When Barack Obama won the Democratic Party nomination earlier this year I made a promise to myself. Self, I said, if this guy gets elected to office you’re going to make some changes. He’s telling you to hope and change so listen up. And I did.

In an effort to heed the call to public service that Mr. President Elect has put upon us I signed up to be a mentor to a 6th grade girl on Wednesday evenings as part of an after-school program.

It doesn’t sound like a BIG change but hey, I haven’t voluntarily done anything since the theater company folded up its bag of tricks and that was like, five years ago. So there.

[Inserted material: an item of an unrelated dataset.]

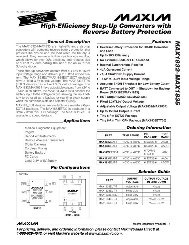 MAX1834 High-Efficiency Step-Up Converter with Reverse Battery Protection in SOT23-6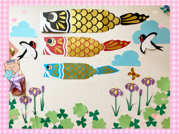 菖蒲の花の上を鯉のぼりが仲良く泳いでいます。

The program is affiliated with the Catholic Church, which is the first weird thing about it for me. I haven’t been affiliated with the Catholic Church for some time. The branch of the church that has its fingers in this pie is Opus Dei. Rationally I understand that Opus Dei is really all about finding ways in every day life to create a more personal relationship with God (at least that's what they tell me,) but all I can associate them with is the creepy albino dude from The DaVinci Code. So I was pretty surprised when the head of the program introduced the priest who runs the monthly Christian Fellowship seminar and hear confessions. He was young (ish, like not green out of seminary but not old and wrinkly either.) And he had a bit of sass mouth to him, which I always appreciate in my clergy. But, I think the biggest impression he left was how uncomfortable he was speaking in front of a room full of women. Which, you know, awww. But then that left me examining the women who are also part of the program.

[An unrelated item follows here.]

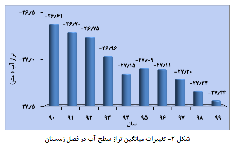 کمترین تراز آب لحظه‌ای در این فصل برابر منفی ۲۷.۶ متر و بالاترین تراز آب لحظه‌ای برابر منفی ۲۷.۰۳ متر بوده که به ترتیب در نیمه اول آذرماه و نیمه اول مهرماه مشاهده شده‌اند. دامنه نوسانی تراز آب پاییز برابر حدود پنج سانتی‌متر است. در فصل زمستان ۱۳۹۹، میانگین تراز سطح آب با کاهش هفت سانتی‌متری نسبت به فصل پاییز، برابر منفی ۲۷.۴۴ متر بوده و در مقایسه با مدت مشابه سال گذشته ۱۰ سانتی‌متر کاهش یافته، کمترین و بیشترین تراز آب لحظه‌ای مشاهده شده در این فصل برابر منفی ۲۷.۸۸ و منفی ۲۷.۱ متر بوده و به ترتیب در نیمه دوم دی‌ماه و نیمه دوم اسفندماه رخ داده است. دامنه نوسان تراز آب در این فصل بسیار کم و حدود دو سانتی‌متر تخمین زده می شود.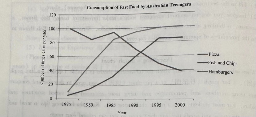 In 1975, the most popular fast food with Australian teenagers was fish and chips, being eaten100 times a year. This was far higher than pizza and hamburgers, which were consumed approximately 5 times a year. However, apart from a brief rise again from 1980 to 1985, the consumption of fish and chips gradually declined over the 25 year timescale to finish at just under 40.

For the most part the other mentors are all very familiar stereotypes. Mostly they seem to be former Catholic-school girls, like me. But, you know, the cool girls who never let you sit with them at lunch. Their hair is done, they wear slightly too much make up and are somehow still all wearing a uniform. Not the pleated skirt type, the social uniform. There were three women sitting in the back of the room all wearing different sweaters in the exact same shade of pink. They whispered to each other in that affected, nasal voice that always seems to indicate some form of privilege or entitlement issue and waved their fingers around when they spoke.

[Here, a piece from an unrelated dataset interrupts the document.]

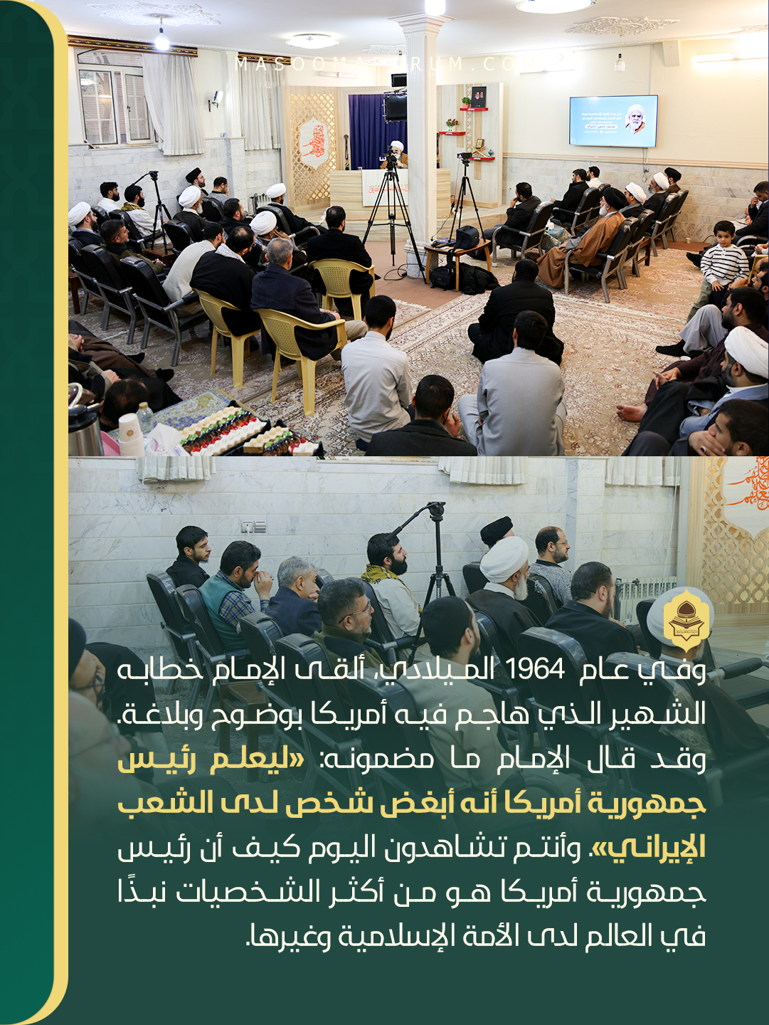 وفي عام 1343 الشمسي، الموافق لعام 1964 الميلادي، ألقى الإمام خطابه الشهير الذي هاجم فيه أمريكا بوضوح وبلاغة. وقد قال الإمام ما مضمونه: «ليعلم رئيس جمهورية أمريكا أنه أبغض شخص لدى الشعب الإيراني». وأنتم تشاهدون اليوم كيف أن رئيس جمهورية أمريكا هو من أكثر الشخصيات نبذًا في العالم لدى الأمة الإسلامية وغيرها.

At least they were aware of their uniformity and sort of chuckled when someone tried to return a pen to one that had actually been borrowed from another. “It’s the OTHER girl in the pink sweater. But, you know, we know her so we’ll give it back for you.”

Standing around at the top of the stairs, waiting to meet our girls was a lot like standing around waiting to find out homeroom assignments. I was already nervous about meeting this girl. I really wanted her to like me, whoever she was. And, as the young girls came up the stairs to be paired up with their mentors that thought jumped to the forefront of my mind. There were a lot of girls and a lot of them looked really hip. Well, you know, still grade schoolers but "hip," wearing sharp jeans and puffy jackets. They had a lot of energy and were greeting their mentors with hugs and smiles. I knew I wasn't going to be getting the same treatment, just meeting my student tonight, but I didn't know what I was going to do if I was assigned one of these girls who was infinitely cooler than I ever was in grade school.

Turns out, that was not so much a problem. The girl to whom I was assigned seems very nice. She just turned twelve in September, she's in sixth grade and comes from a Polish-American home. Oh, and also, she's totally like I was at twelve, with the glasses and the awkward haircut. She needs help with math, reads two books at a time and, when reading, skips the words she doesn't know. If this isn't karma I really don't know what is.

She was all business and we dug into her math homework immediately. Luckily she's still only on identifying polygons so I was at least not stuck trying to relearn fractions like one of the other mentors. The time flew and at the end of the night she flew out the door with her father and not a single look back.

We don't meet again until after Thanksgiving but I'm hoping that when we return to the mentoring center I'm paired with the same girl for the rest of the school year. She seems nice, I'd like to get to know her, maybe help her out. Except with fractions. I'm just no good with fractions.